- **TASK DETAILS**: The answer is the data repeated in full, with no pictures included.

- **PROVIDED DATA**:
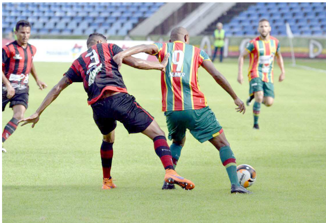
Superclássico foi disputado em campo, mas o finalista do segundo turno pode ser conhecido só no STJD

Como o regulamento tem validade de dois anos, o Moto requer o cumprimento daquilo que foi feito em 2016, por considerar aquela decisão correta.
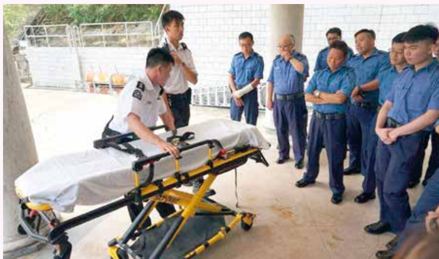
救傷隊隊員介紹救護車床使用方法

除參觀港島總區總部和特遣隊之訓練設施及行動裝備，以及民安隊港島訓練中心的設施外，訓練活動還包括救護車器材介紹及使用方法、傷者搬運方法及大型事故處理等。當日兩部隊共有100多名長官及隊員出席，兩部隊在各項訓練活動中獲益良多。
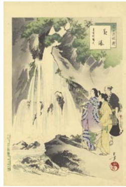
535 観瀑 8,000 円

- **OUTPUT OF THE EXERCISE**:
Superclássico foi disputado em campo, mas o finalista do segundo turno pode ser conhecido só no STJD

Como o regulamento tem validade de dois anos, o Moto requer o cumprimento daquilo que foi feito em 2016, por considerar aquela decisão correta.
救傷隊隊員介紹救護車床使用方法

除參觀港島總區總部和特遣隊之訓練設施及行動裝備，以及民安隊港島訓練中心的設施外，訓練活動還包括救護車器材介紹及使用方法、傷者搬運方法及大型事故處理等。當日兩部隊共有100多名長官及隊員出席，兩部隊在各項訓練活動中獲益良多。
535 観瀑 8,000 円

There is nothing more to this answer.